— Господи, но зачем? — простонала Ева. — Зачем остриглась?
— Ты что, не помнишь, что Оскар сказал мне, чтоб я постриглась? Ну, ещё до больницы. Ну вот я и решила, что он обрадуется, если я совсем уж как следует постригусь. А этот «хвост» — это будет ему подарок в больницу. На память. Как по-твоему, он обрадуется?
— Конечно, обрадуется, — сказала Ева и улыбнулась. — По-моему, он будет просто счастлив.
— Всякий развеселится, поглядев на тебя такую, — сказал я.
Оскар и правда заулыбался, увидев Лотту. Когда мы ехали в больницу, ей пришлось ехать в шапочке — чтобы другие водители при виде её не налетали на фонарные столбы и не давили ни в чём не повинных пешеходов. Когда мы вошли к Оскару в палату, она сняла свою шапку.
— Ты замечаешь, что я постриглась? — спросила Лотта.
— Ммм, — сказал Оскар.
— Как по-твоему, красиво? — спросила Лотта.
— Очень, — сказал Оскар.
— Я принесла тут тебе немножко волос в подарок, — сказала Лотта и протянула ему свой «хвост» с шёлковым бантиком.
— Спасибо, — сказал Оскар.
— Ой, совсем забыла спросить, как ты себя чувствуешь, — сказала Лотта.
— Хорошо, — сказал Оскар.
— По-моему, к нам явился важный гость, — сказала Ева и скорчила кислую мину.
Она затеяла генеральную уборку. Ковры выносились на улицу и выколачивались. Шторы снимались. Мебель сдвигалась, освобождая место для пылесоса. Шкафы очищались, и одежда вывешивалась на улицу. Дверца холодильника была нараспашку. И во всей квартире пахло нашатырём, полиролью и мылом. Радио орало вальс «У камина», да так, что наше очень музыкальное пианино заткнуло бы уши, если б услышало.
Ева протирала старой майкой оконные стёкла. Я подошёл, лоб посмотреть, про какого такого важного гостя она говорит. Это был Голубой. Его серебристо-серый «понтиак» стоял рядом с нашим «дедом». Голубой захлопнул дверцу и не очень уверенно двинулся к нашему крыльцу.

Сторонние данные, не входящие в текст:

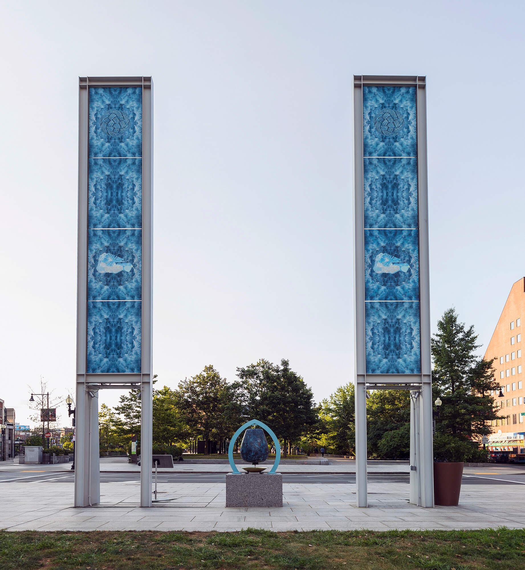 Lani Asunción, WAI Water Warning, Water Clock and Binakol Blessing Flag, 2024–2025. Photo by Mel Taing. Courtesy of the Rose Kennedy Greenway Conservancy.

Что ему от нас надо, подумал я.
— Добрый день, фру Птицинг, — сказал он, заглядывая в комнату. — Извините, если помешал.
Ева даже не сказала ему «заходите». Она продолжала тереть своё окно.
— Н-да… Я, конечно, понимаю, — сказал Голубой, когда ему не ответили. — Печальная, конечно, история… ну, с этим несчастным случаем.
Ева принялась так тереть своё стекло, что оно заскрипело. Вот и весь её ответ. Но Голубой продолжал своё.
— Однако, как я слышал, состояние вашего супруга сейчас улучшилось, — сказал он. — Это весьма отрадно. Не думайте, пожалуйста, что мы не интересуемся своим персоналом.
Тут Ева со стуком поставила на подоконник свою бутылку с «Блеском».
Я даже вздрогнул. Я не привык, чтобы у нас в доме так встречали гостей. Наш дом всегда был открыт для всех. Гостям у нас всегда были рады. Кто ни придёт — всегда усадят, угостят кофе или пивом, всегда посидят, поговорят не торопясь. Поэтому Евино враждебное молчание — будто ей не терпелось вытурить этого гостя за дверь — подействовало на меня больше, чем если б она швырнула ему в голову сковородку.